В ста метрах от захваченной китайской шхуны на поверхности Байкала наблюдалось странное шевеление. Михаил присмотрелся внимательнее: ага! Все понятно. Некто вцепился одной рукой в шнур, опоясывающий бортик резиновой спасательной лодочки, а другой отчаянно машет: спасите, мол! Кто бы это мог быть? Нет, почему перевернулась резинка – это как раз дело ясное: долбанул подводный взрыв, пошла поверхностная волна, своего рода маленькое цунами, вот и плавает лодочка днищем кверху. Но откуда она вообще посередь Байкала взялась? Да еще в таком интересном месте и в такое любопытное время?
Кракен свистнул двоих своих ребят, молча кивнул в сторону непонятного явления. Тут же завизжали тали, шлюпка с двумя морскими пехотинцами понеслась к оранжевому пятну.
Когда через десять минут морские пехотинцы, бережно поддерживая под руки, доставили на борт шхуны спасенного, Михаил Никифоров чуть на палубу от изумления не уселся.
Было от чего. На генерал-майора Геннадия Феоктистовича Берсентьева смотреть без слез жалости не получалось. Мокрой курицей, по причине комплекции, его называть как-то не хотелось, а вот мокрый индюк – прямо в самый раз выходило. Берсентьева трясло мелкой дрожью, глаза его дико вращались, руки ходили ходуном.
– Прошу к нашему шалашу, – с холодной иронией приветствовал Кракен «куратора». После вчерашнего разговора с Полундрой вся гнусность роли, которую сыграл Берсентьев в событиях последних дней, была видна Никифорову как на ладони. – Чему обязаны счастьем лицезреть?

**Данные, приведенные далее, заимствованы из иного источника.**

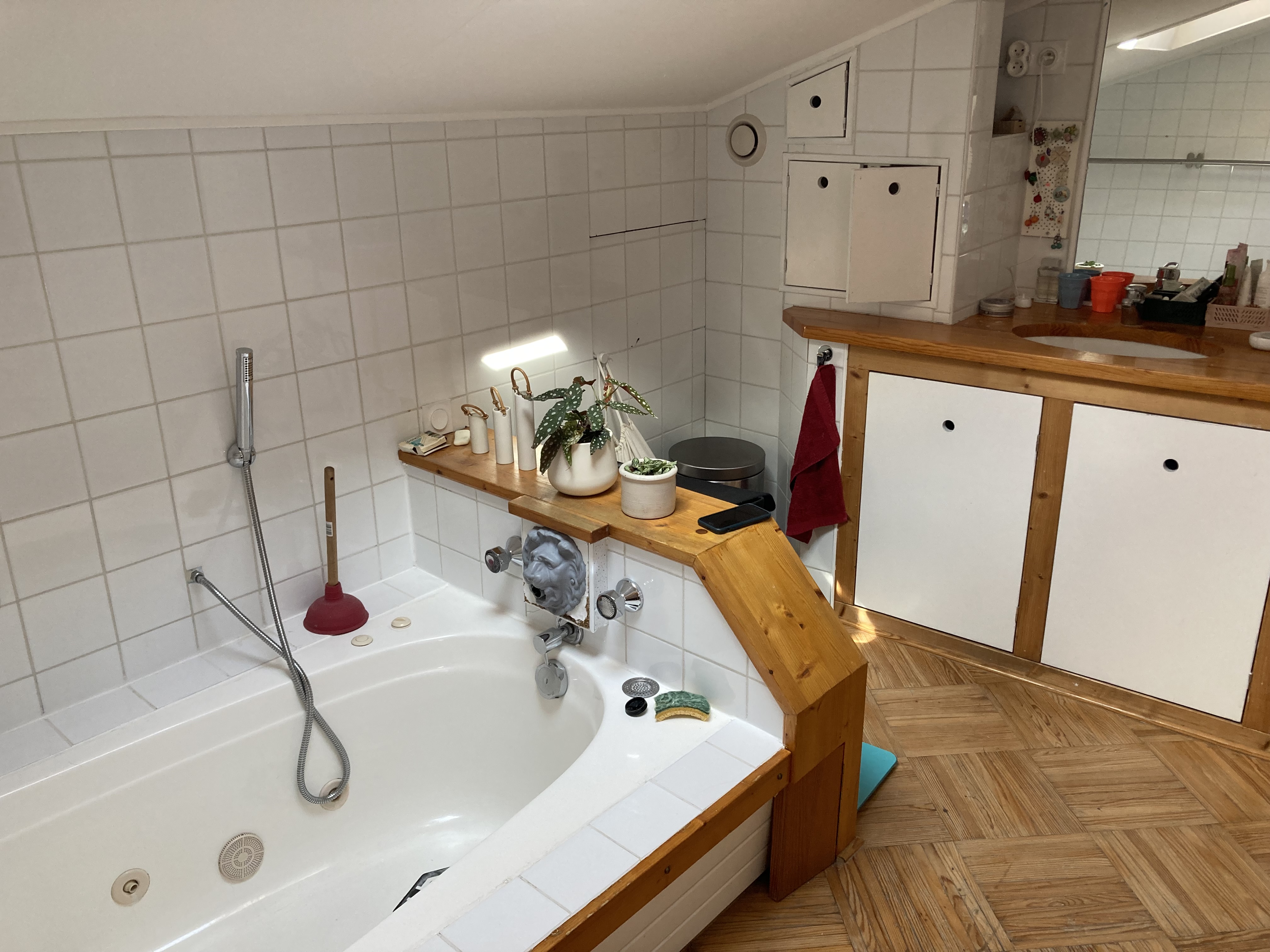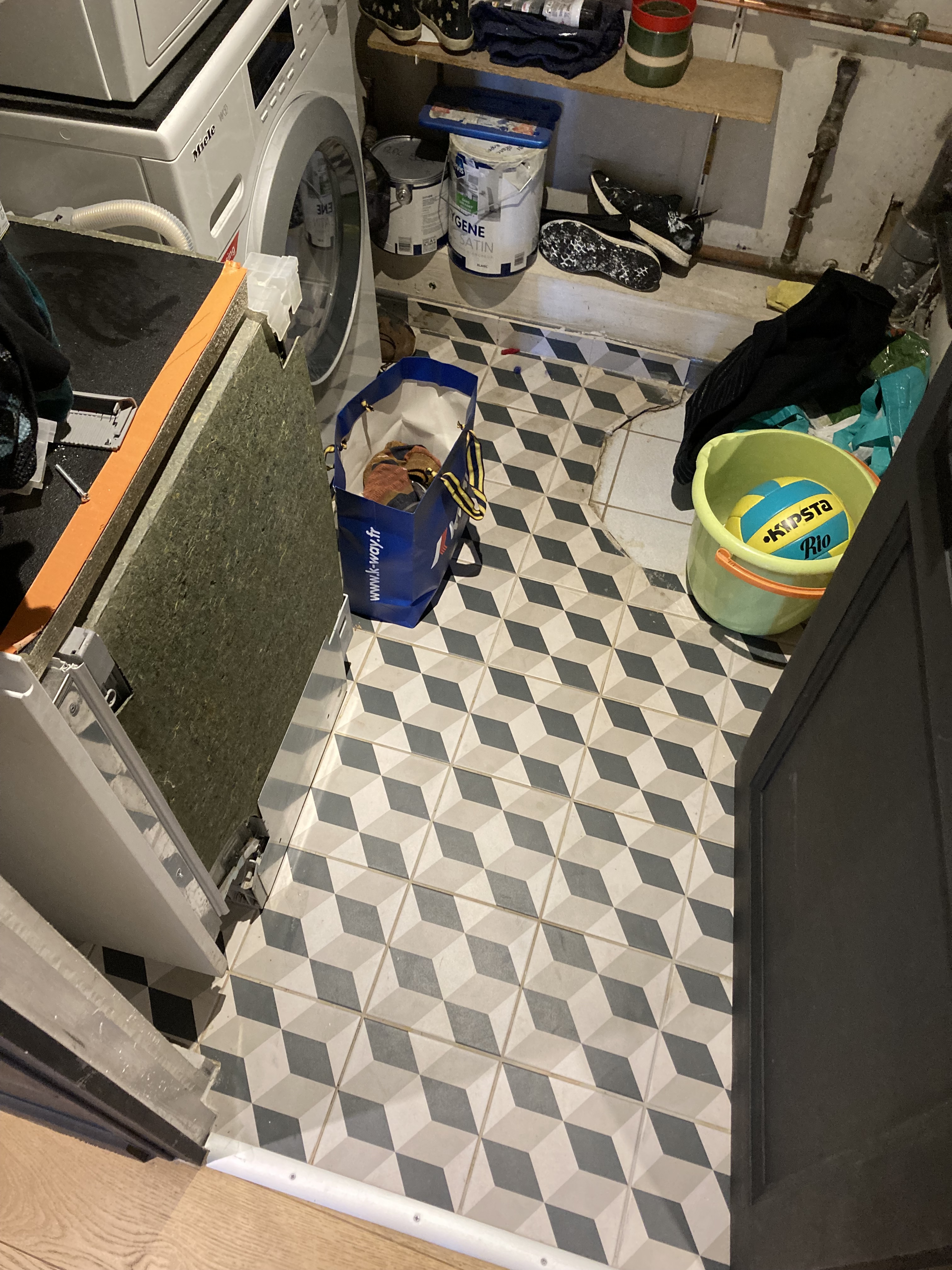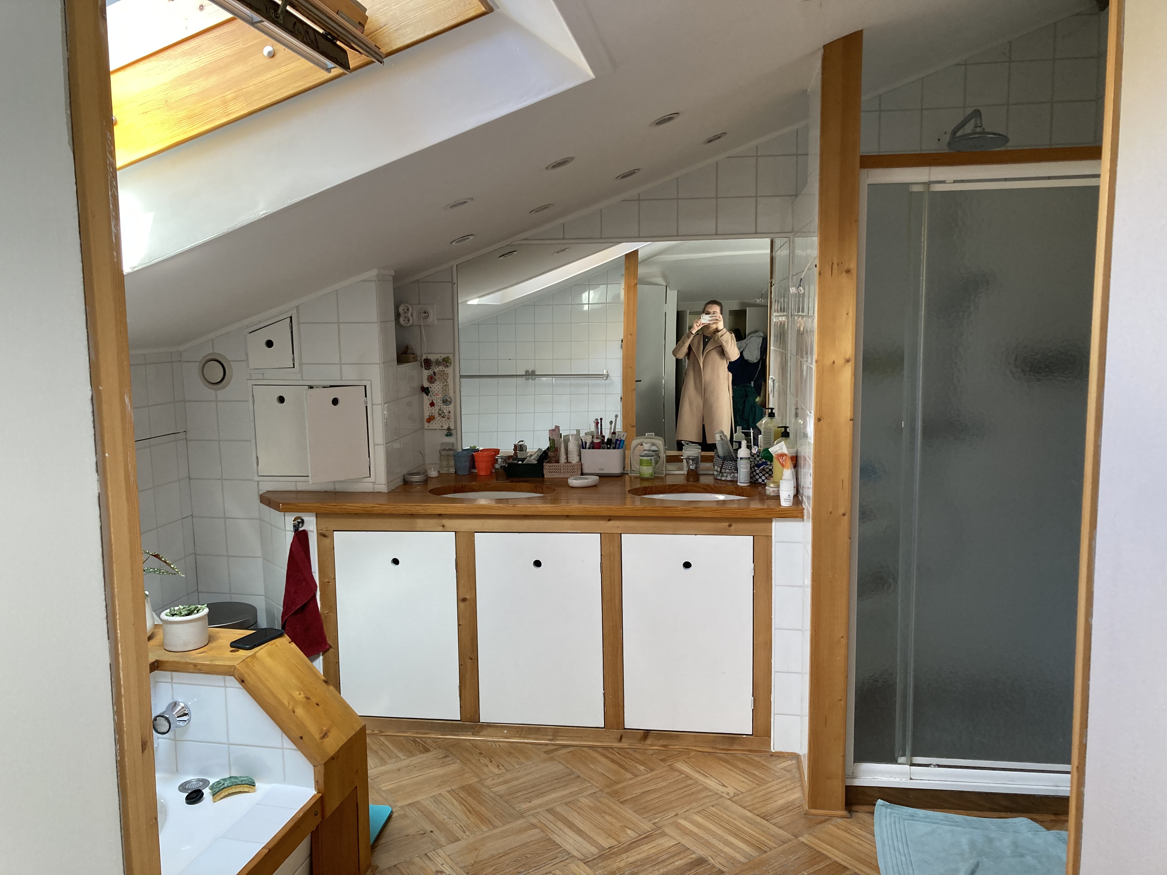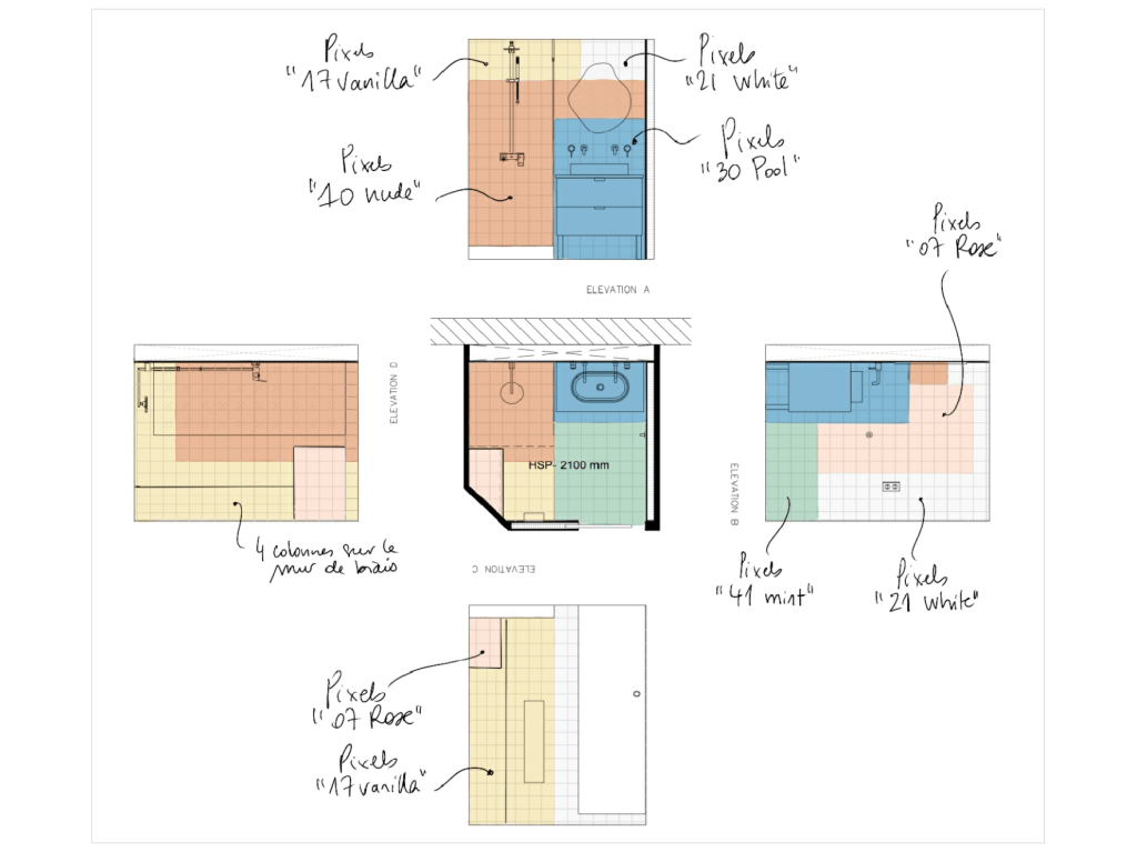 Pour ce petit projet dans un appartement en plein coeur de l’hyper centre toulousain, mes clients souhaitaient transformer une buanderie en salle de bain pour leurs enfants. Ils souhaitaient quelque chose de coloré, qui corresponde avec le reste de l’appartement, mais qui soit aussi pratique. Les contraintes : la taille de la pièce et la tuyauterie longeant les murs. Très petite, il fallait penser tout au millimètre près et anticiper les soucis potentiels lors des travaux. Ensuite, les clients souhaitaient transférer l’espace buanderie dans leur grande salle de bain attenante à la suite parentale. Il s’agissait là d’une rénovation partielle pour intégrer les machines, du rangement, séchage mais aussi moderniser la salle de bain par touches.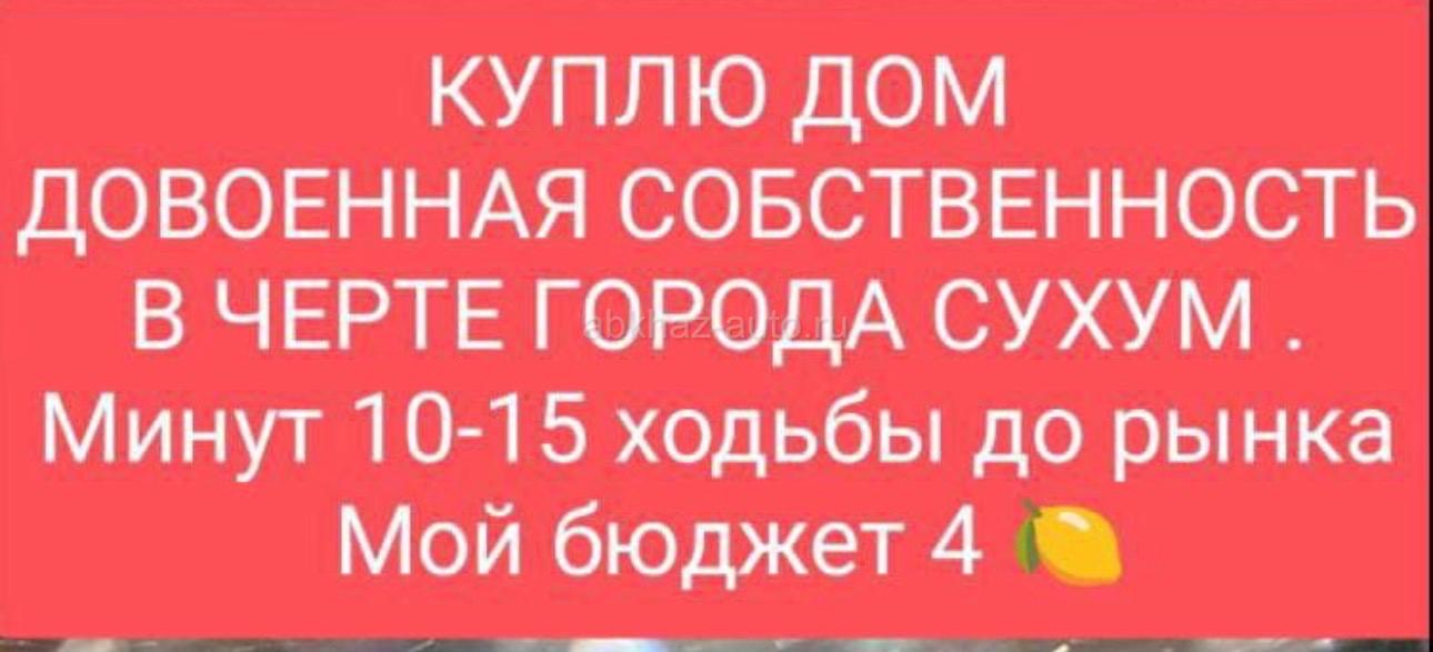 Дополнительная информация: Куплю дом в черте города Сухум. Минут 10-15 езды до рынка

Какими судьбами?
– Он… Он не блефовал! – буквально возопил генерал Берсентьев. – Она и вправду взорвалась, вы же видели!
– Кто это «он» и кто «она»? – с прежним ледком в голосе поинтересовался Никифоров, прекрасно зная ответ на свой вопрос.
– Китаец, Чжоу Фан Линь проклятый! – на весь Баргузинский залив заорал Геннадий Феоктистович. – Он меня в это дело втравил, но я ничего не знаю! Ни про ртуть, ни про мину…
Тут он резко замолк. Видимо, даже до зачаточных генеральских мозгов дошло, какую жуткую ересь порет их хозяин. Однако тормозных функций единственной мозговой извилины надолго не хватило: слишком жутко было генерал-майору.
– Там же отрава, все умрет! – опять прорвало Берсентьева. – Н-но я… Я ничего не знаю. Я ни в чем не виноват!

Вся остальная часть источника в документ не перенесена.